1. «Академическое дело»: интеллигенция в годы «великого перелома»

Пьесу «Адам и Ева» открывают два эпиграфа. Первый из них — пункт инструкции, в которой перечисляются группы лиц, чаще всего подвергавшихся поражению при газовых атаках на фронтах Первой мировой войны. Для Булгакова катастрофа, описываемая в пьесе, была синонимом «идеологической» катастрофы в России, поэтому и в инструкции, ставшей эпиграфом, можно видеть не только прямой, но и метафорический смысл: «Участь смельчаков, считавших, что газа бояться нечего, всегда была одинакова — смерть»1. В книге «Боевые газы», из которой взята инструкция, дается подробный состав применявшихся на фронте отравляющих веществ, а также чертежи противогазов различной конструкции2.

Второй эпиграф к пьесе взят из Библии — из Книги «Бытие»: «И не буду больше поражать всего живущего, как я сделал. Впредь во все дни земли сеяние и жатва (холод и зной, день и ночь) не прекратятся»3. Сокровенная мысль писателя о родстве людей, живущих на одной «грешной и окровавленной и снежной земле» — мысль последних строк «Белой гвардии», рожденная трагической судьбой России, — приобретает в «Адаме и Еве» общечеловеческий масштаб.

Судьба и характер главного героя пьесы отразили события, происходившие в СССР в конце 1920-х годов. Первая республика трудящихся переживала «великий перелом». Началась массовая коллективизация и процессы над вредителями. В момент работы над пьесой уже закончилось «шахтинское дело», на котором прославился красноречием прокурор А. Вышинский, были вынесены приговоры по делу Промпартии, проведена операция «Весна», в ходе которой арестованы сотни военных специалистов Рабоче-крестьянской Красной армии (РККА), прошел процесс меньшевистского ЦК, затем Трудовой крестьянской партии. Были объявлены вредителями, арестованы и уничтожены экономисты В.Г. Громан, В.А. Базаров, Н.Д. Кондратьев, А.В. Чаянов и другие, чьи экономические идеи и теории расходились с идеей всеобщей коллективизации.

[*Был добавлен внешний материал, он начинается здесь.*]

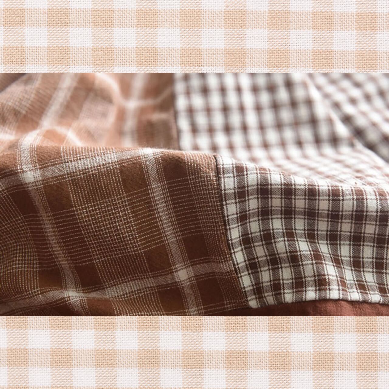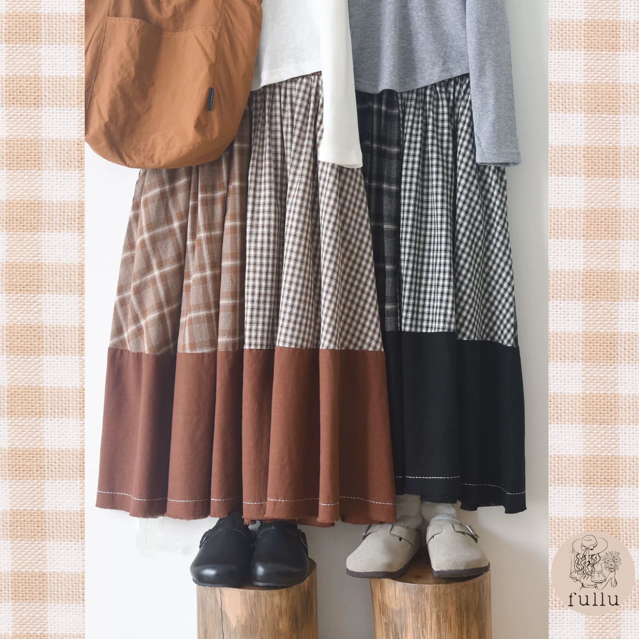 異なるチェック柄を組み合わせた切替デザインが目を引くロングスカート。
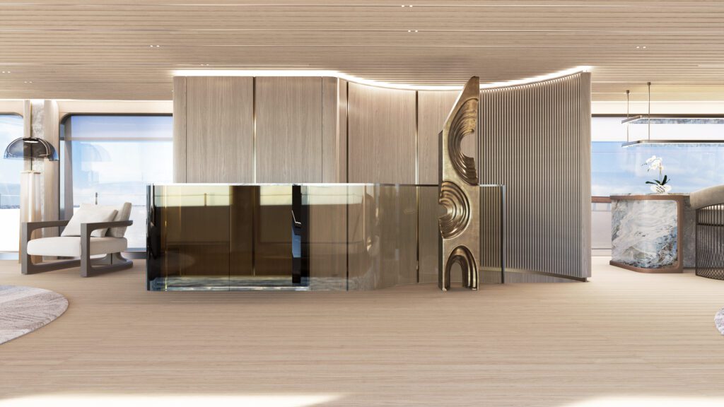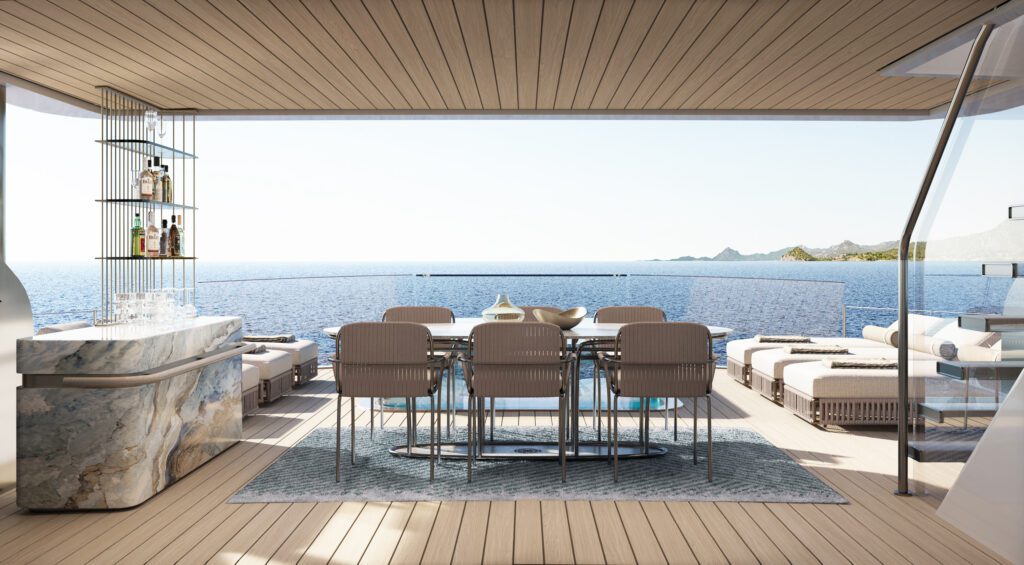 Le plan général rompt avec les conventions : les suites invités quittent le pont inférieur pour s’aligner, pleine vue mer, sur le pont principal aux côtés d’une master full-beam baignée de lumière. Libéré, l’entrepont devient domaine technique, tandis que le pont supérieur se transforme en loft panoramique entièrement ouvrable — dedans et dehors fusionnent dans une transparence inédite . Tout en haut, un sun-deck de 80 m² offre un observatoire privé sur quatre niveaux de vie .
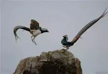 雉鸡:鸟纲、雉科、雉属的一种走禽,共有30个亚种。体形较家鸡略小,但尾巴却长得多。雄鸟和雌鸟羽色不同,雄鸟羽色华丽,多具金属反光,头顶两侧各具有一束能耸立起而羽端呈方形的耳羽簇,…全部>>
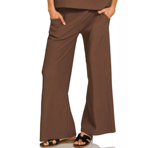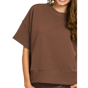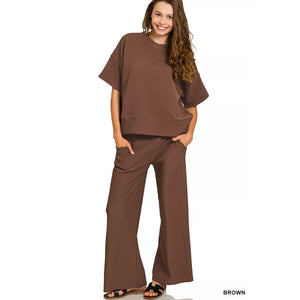 This comfortable and stylish set includes a ribbed round neck tee and matching pants. Perfect for lounging at home or running errands in style. The ribbed texture adds a trendy touch to this classic silhouette. Made from soft and breathable fabric for all-day comfort. Elevate your casual wardrobe with this must-have set.
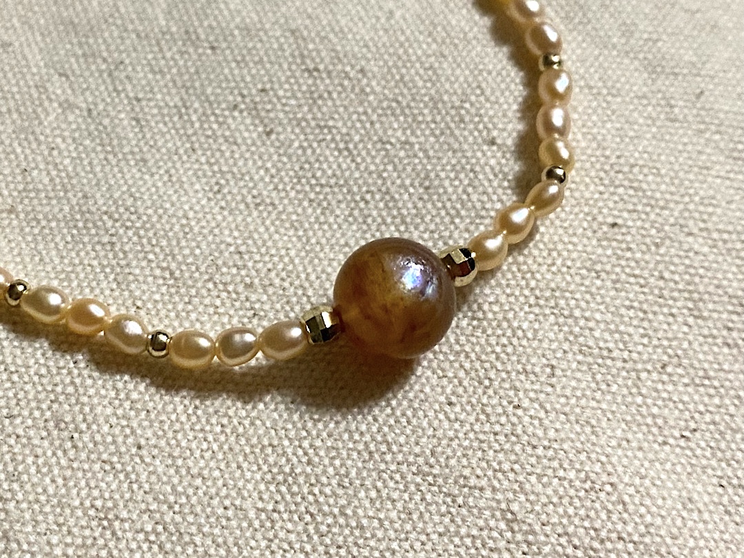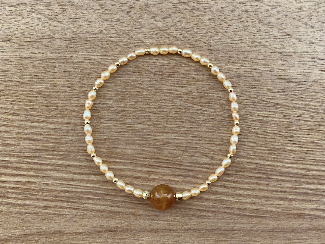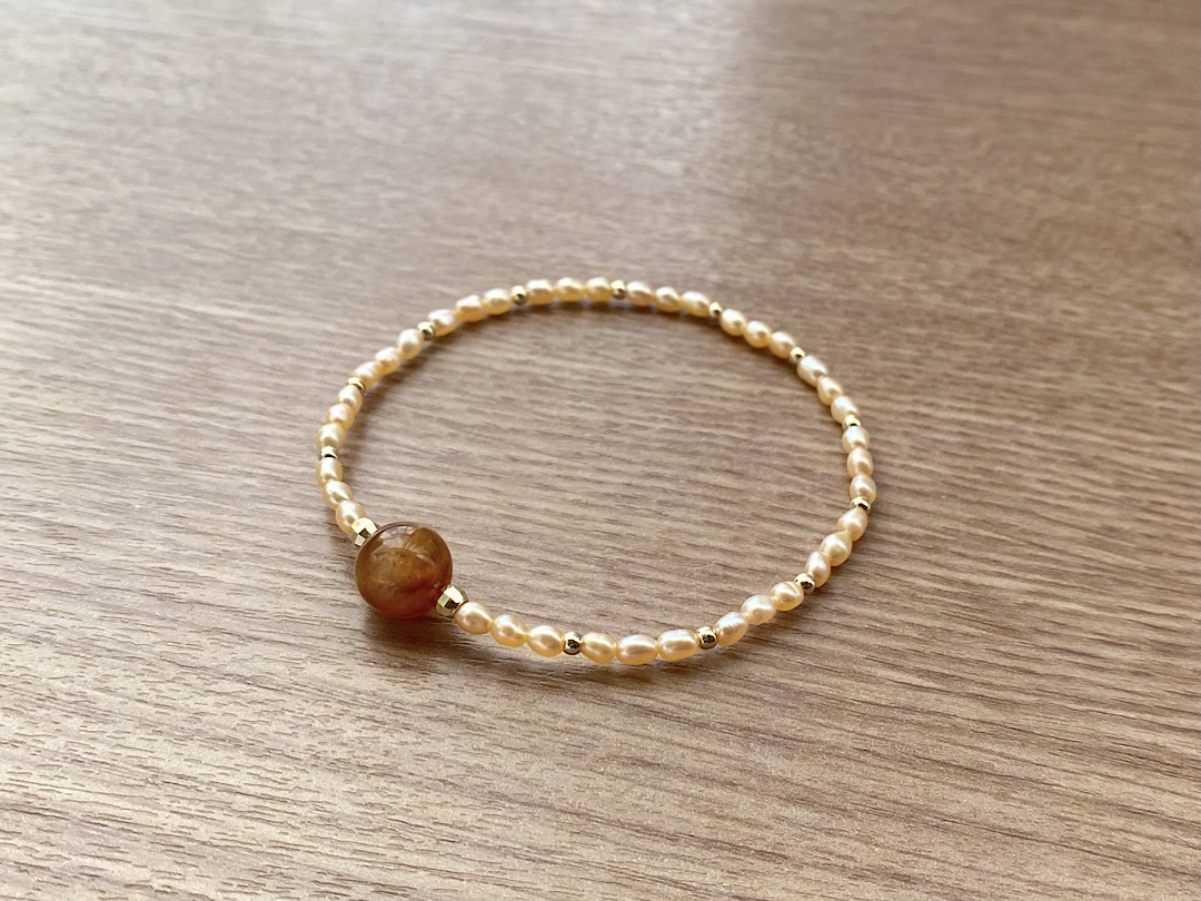 落ち着いた深みのあるミューテッドアンバーが秋の温かみと上品さを感じさせ、柔らかいオレンジカラーの淡水パールを組み合わせることで全体に統一感を持たせました。
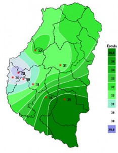 A pesar de que se está observando una fuerte circulación del sector norte, las condiciones meteorológicas dominantes son estables. Esto se debe al intenso eje de alta presión que persiste en altura promoviendo movimientos descendentes, secando y calentando la masa de aire en superficie. Entre sábado y domingo se espera que la zona de alta presión se desplace hacia el este, lo cual en principio promovería un aumento de la inestabilidad. La masa de aire residente aumentaría su potencial para producir lluvias con el acercamiento de una zona frontal. Es factible que esta actividad se concrete entre lunes y martes.
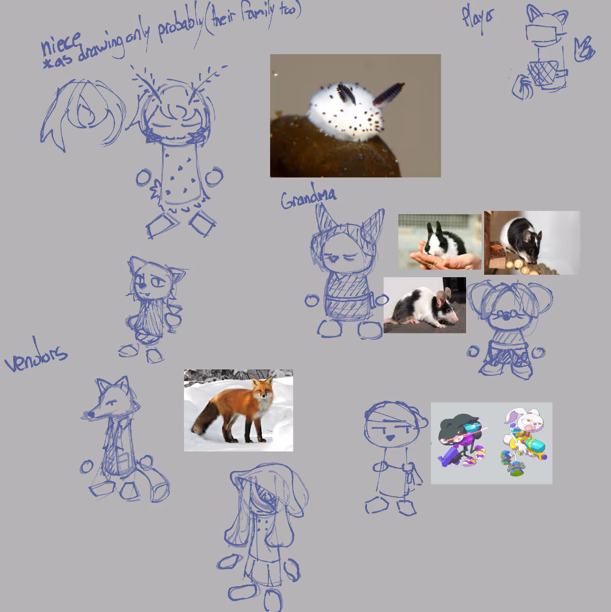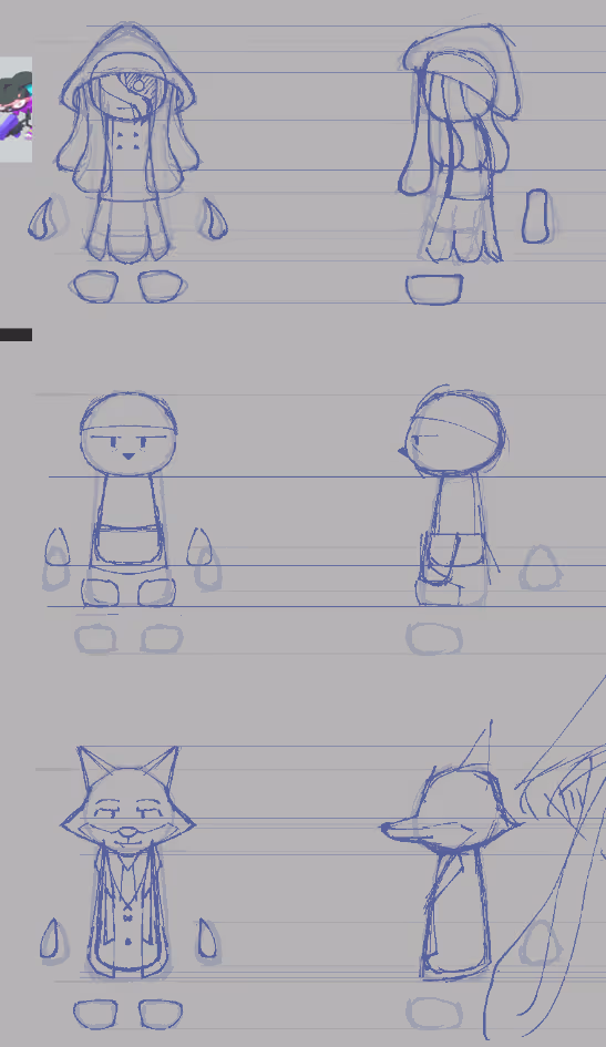 Various models I created reference sheets for in Clip Studio Paint and modelled in Blender. Animations I've created for them can be found here(2024)
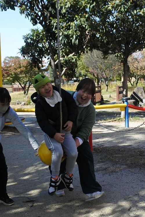 学校にはない大きな遊具で思いっきり楽しみました。
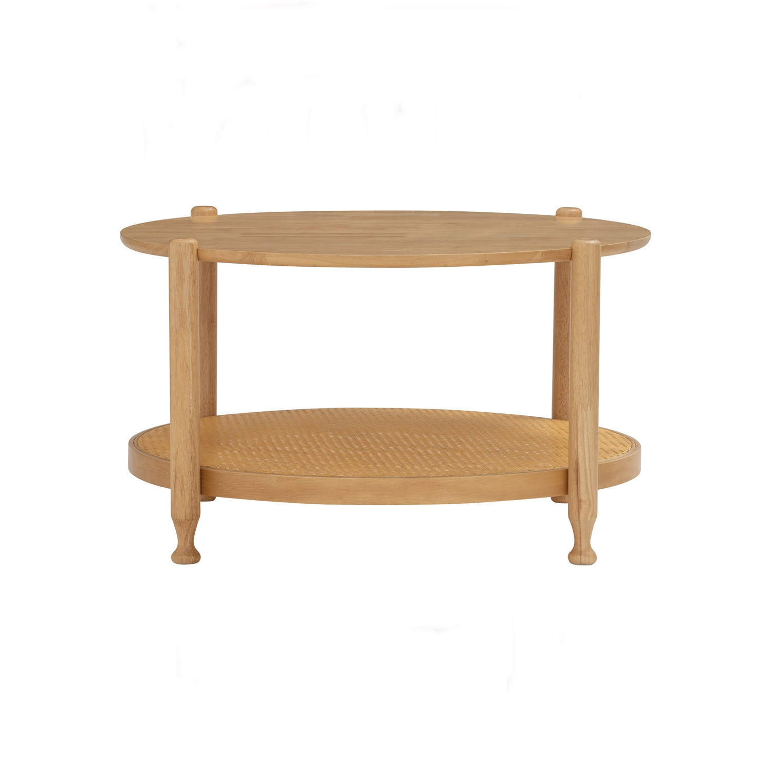 Add a touch of organic elegance to your living room with the WELDON Full Solid Wood Coffee Table. Featuring a graceful oval-shaped tabletop and a practical bottom shelf with rattan features, this table perfectly blends texture and function. Crafted from high-quality solid wood for lasting durability, it is available in two stunning finishes: bright Oak for a Scandi-vibe and deep Cocoa for a more classic look.

Гонения на академическую интеллигенцию начались после выборов в Академию наук 1928 года. Тогда в Академики были избраны вместо трех рекомендованных «идеологических» кандидатур (среди них — В.М. Фриче) пять других ученых. После этого началась травля Академии. Результаты выборов 1928 года были объявлены незаконными и при повторном голосовании, проходившем после соответствующей обработки ученых, предложенные правительством кандидатуры прошли. В печати были обнародованы результаты «чистки» — сведения о «вопиющем» составе Академии: из 1079 служащих Академии насчитывалось всего 12 членов ВКП(б), кандидатов партии и комсомольцев. 23 августа 1929 года «Ленинградская правда» сообщала о чистке академических рядов: «В числе снятых 11 тайных, действительных и статских советников, 2 княгини, барон, сенатор, гофмейстер, 11 правоведов и лицеистов, 4 офицера, 17 лиц, окончивших привилегированные институты»4.

В конце 1929 года начались аресты историков-архивистов. Их обвиняли в заговоре с целью создания подпольной организации для восстановления монархии с помощью иностранных интервентов. В августе 1930 года в разные города страны сослали историков Н.Л. Лихачева, М.К. Любавского, С.Ф. Платонова, Е.В. Тарле. В течение 1930-х годов из университетов и научных учреждений были уволены практически все ученые, начавшие научную деятельность до революции, многие из них погибли. Не случайно в пьесе Булгакова появляется имя бывшего вице-президента Российской Академии наук князя М.А. Дондукова-Корсакова. Разгром Академии сопровождался шумной газетной кампанией. Авторы разгромных статей приветствовали «уход в безвозвратное прошлое эпохи князей Дундуков»5. 28 февраля 1932 года, вскоре после окончания «академического дела», П.С. Попов писал Булгакову из Ленинграда: «...в Казанском соборе была икона, теперь музей Академии наук, где даже Дундука сократили»6.

В этой обстановке не возвращались из зарубежных командировок крупнейшие биологи, физики, химики. Не вернулся в СССР физик Г.А. Гамов, впоследствии разработавший теорию альфа-распада, выдвинувший модель «горячей Вселенной» и теорию образования химических элементов, предложивший первую модель генетического кода (работал в США); генетик Ф.Г. Добржанский, один из создателей экспериментальной генетики популяций и синтетической теории эволюции (работал в США); знаменитый химик В.Н. Ипатьев, который в Первую мировую войну руководил программой приспособления русской химической науки к потребностям войны, а после революции «пользовался исключительным доверием В.И. Ленина»7.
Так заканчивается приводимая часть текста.